For the three months ended March 31, 2019, total operating revenues for the total and stabilized portfolios increased compared to the same period last year, due to increases in monthly rents and continuing high occupancies. Contributions from acquisitions further contributed to increased operating revenues for the total portfolio.

Operating Expenses

The stabilized operating expenses for the three months ended March 31, 2019 increased compared to the same period last year, primarily due to increases in realty taxes and other operating expenses, partially offset by the reduction in utility costs. The realty taxes for the stabilized portfolio increased mainly as a result of the increase in the assessment of the property values in British Columbia and Ontario, while reduced electricity and natural gas costs alongside positive impacts of energy-saving initiatives and sub-metering costs, contributed to the reduction in utility costs. Lastly, stabilized other operating expenses for the three months ended March 31, 2019 increased primarily due to rising insurance costs driven by higher replacement cost valuations, and overall increases in insurance rates.

NOI Margin

For the three months ended March 31, 2019, the NOI margin on the stabilized portfolio was 62.0% compared to 61.3% for the same period last year. The increase in the NOI margin is due to (i) higher monthly rents on a stabilized basis, (ii) higher ancillary income, and (iii) lower utilities costs.

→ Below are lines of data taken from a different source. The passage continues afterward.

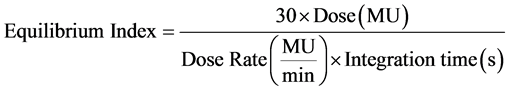 For a given radiation dose defined by MU setting and dose rate to achieve frame readout equilibrium with a certain integration time, at least one frame readout has to be started after the commencement of irradiation. In addition, the radiation beam has to last at least to the end of the subsequent frame’s integration time, because the first frame will always suffer the readout start-up effect and the fact that half the signals in any subsequent frame are generated in the preceding one. In other words, in order to achieve readout equilibrium the irradiation time has to be long enough to accommodate the formation of at least two fames, or more than twice the integration time. The duration of radiation pulses or beam time in seconds can be calculated from the dose and dose rate using Equation (2). The ratio of beam time in Equation (2) to the integration time represents the number of frames that can be formed with that radiation dose, dose rate and integration time combination. This ratio is useful to indicate whether that radiation dose, dose rate and integration time combination will result in readout equilibrium or not. When normalized to the minimum number of frames required for equilibrium it could be used as an equilibrium index that designates frame readout equilibrium with values more than unity, Equation (3).
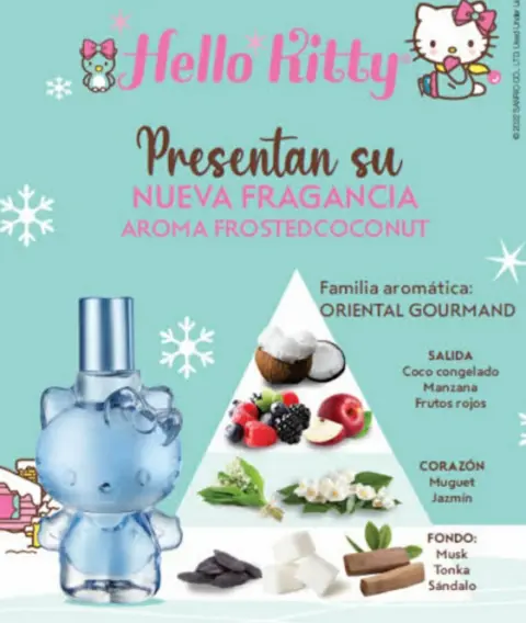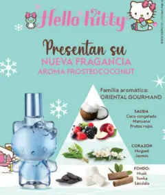 Hello Kitty Frosted Coconut. Colonia con atomizador para dama. Hello Kitty Frosted Coconut. Contenido 60 ml. Nueva. Notas de salida de coco congelado, corazon de Muguet y Fondo de Haba tonka.
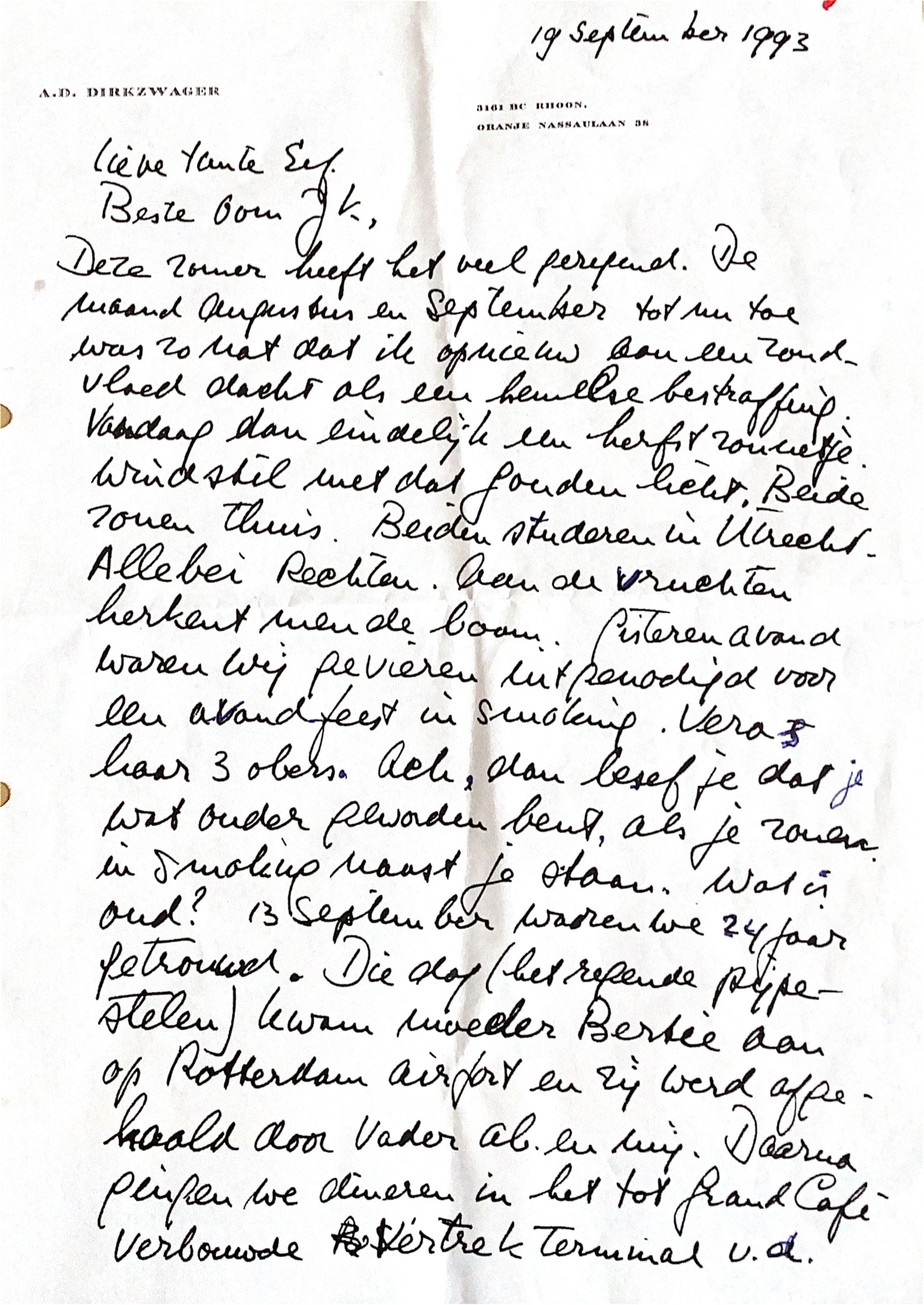 13 september j.l. waren we 24 jaar getrouwd. Die dag (het regende weer pijpenstelen) kwam moeder Bertie aan op Rotterdam-airport en vader Ab en ik hebben haar daar opgewacht. Daarna zijn we gaan dineren in het tot Grand Café verbouwde vertrekhal van de Holland Amerika Lijn aan de Wihelminahaven in Rotterdam, waar Vera zich bij het gezelschap aansloot. Vader (78 jaar) en moeder waren op de 13de september 56 jaar getrouwd. Ik vraag mij af of dit natuurlijk is.
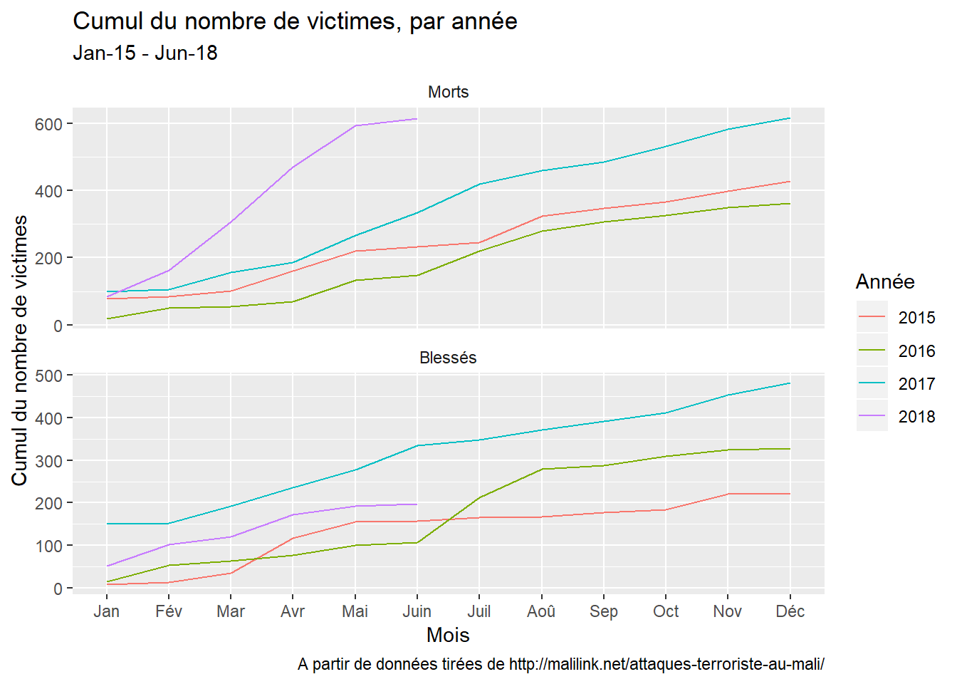 depuis le début des séries, qui est de 2015 (celà aurait été très utile d’avoir une série qui remontait jusqu’à 2012) ;

NON-IFRS FINANCIAL PERFORMANCE

For the three months ended March 31, 2019, basic NFFO per Unit increased by 6.7% compared to the same period last year despite an approximate 9.9% increase in the weighted average number of Units outstanding, due primarily to strong organic NOI growth and contributions from acquisitions. Management expects per Unit FFO and NFFO and related payout ratios to strengthen further in the medium term as a result of NOI contributions from recent acquisitions.

PROPERTY CAPITAL INVESTMENTS

During the three months ended March 31, 2019, CAPREIT made property capital investments (excluding head office assets) of $38.4 million, compared to $27.1 million for the same period last year. Management expects CAPREIT to complete property capital investments (excluding development and intensification) of approximately $211 million to $221 million in 2019.

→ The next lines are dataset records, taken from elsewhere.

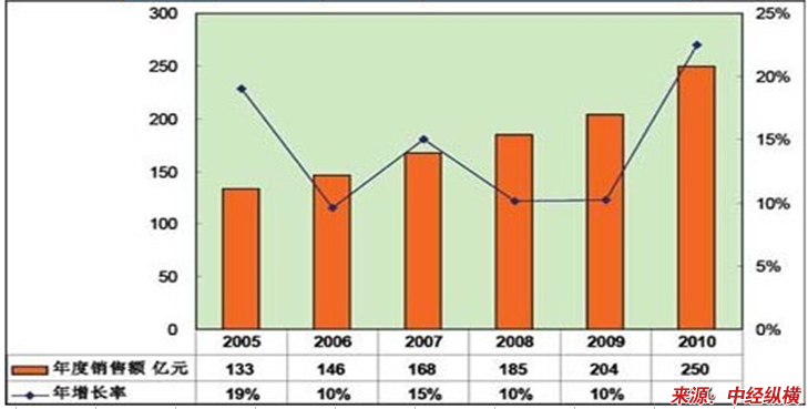 2010年度中国LED封装市场规模及增长率变化
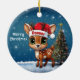 Donner! Celebrate the holiday season with this festive round ceramic red ornament featuring an endearing woodland forest animal cartoon graphic of a cute baby reindeer wearing a Santa hat, and Merry Christmas written in white. Perfect deer with antlers for decorating your tree or as a thoughtful gift, this whimsical doe decor makes a cherished keepsake for years to come. Customize by changing the text, the font, the font color, or remove the text. You can even transfer this design onto other products. Enjoy this design your way! Check out ForestBabies Xmas Deer Collection for matching decorations. 🎄🦌
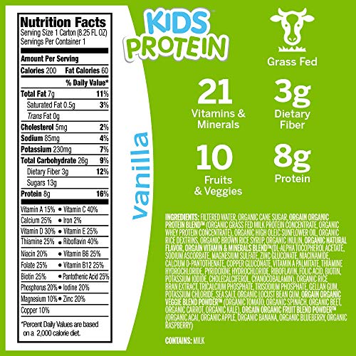 Orgain Organic Healthy Kids Chocolate Nutritional Shake, 8.25 Fluid Ounce — 12 per case. 10 different organic fruits and veggies Organic complex carbohydrates from brown rice 23 vitamins and minerals 8 grams of organic protein Doctor developed Gluten free
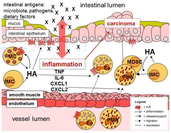 Schematic representation of inflammatory and carcinogenic mechanisms in the colon. MC, mast cell; IMC, immature myeloid cell; HA, histamine; Eo, eosinophil; PMN, neutrophil; MDSC, myeloid-derived suppressor cells.
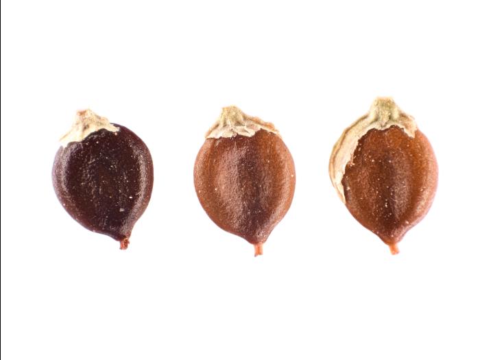 Le fruit est un akène lenticulaire mesurant de 2,5 à 3 mm. Il est brun à noir, luisant, lisse et aplati.

Property capital investments include suite improvements, common areas and equipment, which generally tend to increase NOI more quickly. CAPREIT also continues to invest in environment-friendly and energy-saving initiatives, including energy-efficient boilers and lighting systems.

SUBSEQUENT EVENTS

On April 23, 2019, CAPREIT announced that it has closed on its previously announced issue and sale of 6,125,000 units for $49.00 per unit for aggregate gross proceeds of $300.1 million to a syndicate of underwriters led by RBC Capital Markets on a bought-deal basis. On April 23, 2019, CAPREIT announced that it has closed the issuance of an additional 918,750 units for $49.00 per unit for aggregate gross proceeds of $45.0 million (the “Over-Allotment Offering”), pursuant to the exercise of the over-allotment option. CAPREIT used the net proceeds to partially repay the Acquisition and Operating Facility.

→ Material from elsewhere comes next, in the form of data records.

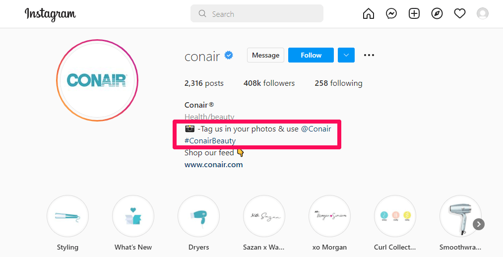 Dovresti incoraggiare gli utenti di tutti i giorni a promuovere il coinvolgimento del marchio attraverso i contenuti generati dagli utenti (UGC). Quando i tuoi fan vogliono trovarti o condividere i loro UGC, rendilo molto semplice pubblicando i tuoi hashtag con il tuo marchio nella tua biografia, come fa Conair.
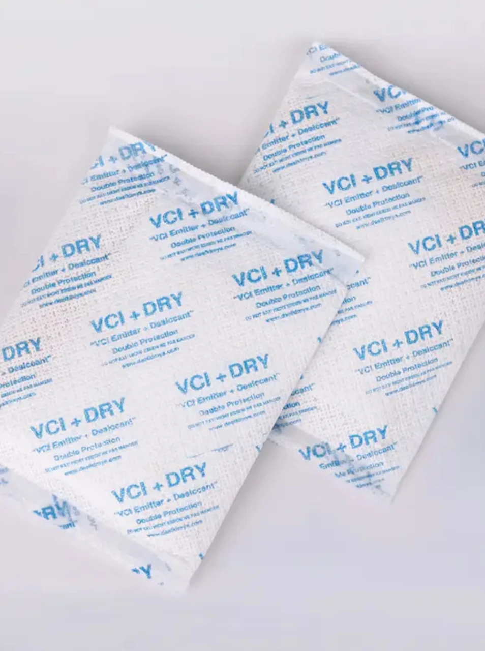 VCI+DRY. A dual-action solution combining desiccant properties with advanced VCI technology. This product absorbs ambient moisture while simultaneously emitting corrosion-inhibiting vapors, ensuring enhanced protection for sensitive metal parts exposed to fluctuating humidity conditions.
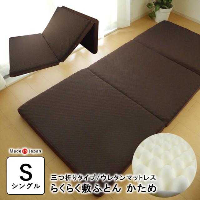 腰痛対策 敷き布団 敷布団 厚みが約8cm らくらく敷ふとん かため 軽量 軽い コンパクト ウレタンマットレス 3つ折り 三つ折り 送料無料

On April 15, 2019, CAPREIT announced that it has completed the acquisition of a brand new purpose-built apartment building, containing 191 rental suites located in Langley, British Columbia, for an acquisition price of $69.6 million. The acquisition was funded by CAPREIT’s Acquisition and Operating credit facility. 

On April 22, 2019, pursuant to the Pipeline Agreement, CAPREIT announced the sale of two portfolios of multi-residential properties comprising of 1,768 suites in the Netherlands to ERES, which include all of the remaining Netherlands properties that CAPREIT currently owns. Subject to the approval of the TSX Venture Exchange and ERES external unitholders, closing of the sale is expected to occur by late May 2019 for the first portfolio and late August 2019 for the second portfolio. The aggregate purchase price for the two portfolios is approximately €333 million ($501 million), subject to certain purchase price adjustments.

ADDITIONAL INFORMATION

More detailed information and analysis is included in CAPREIT's unaudited condensed consolidated interim financial statements and MD&A for the three months ended March 31, 2019, which have been filed on SEDAR and can be viewed at www.sedar.com under CAPREIT’s profile or on CAPREIT’s website on the investor relations page at www.caprent.com or www.capreit.net.

Conference Call

A conference call hosted by Mark Kenney, President and Chief Executive Officer (“CEO”) and the CAPREIT Management Team, will be held Wednesday, May 15, 2019 at 10:00 am EST. The telephone numbers for the conference call are: Local/International: (416) 340-2216, North American Toll Free: (800) 273-9672.

A slide presentation to accompany Management's comments during the conference call will be available one hour and a half prior to the conference call. To view the slides, access the CAPREIT website at www.caprent.com or www.capreit.net, click on "Investor Relations" and follow the link at the top of the page. Please log on at least 15 minutes before the call commences.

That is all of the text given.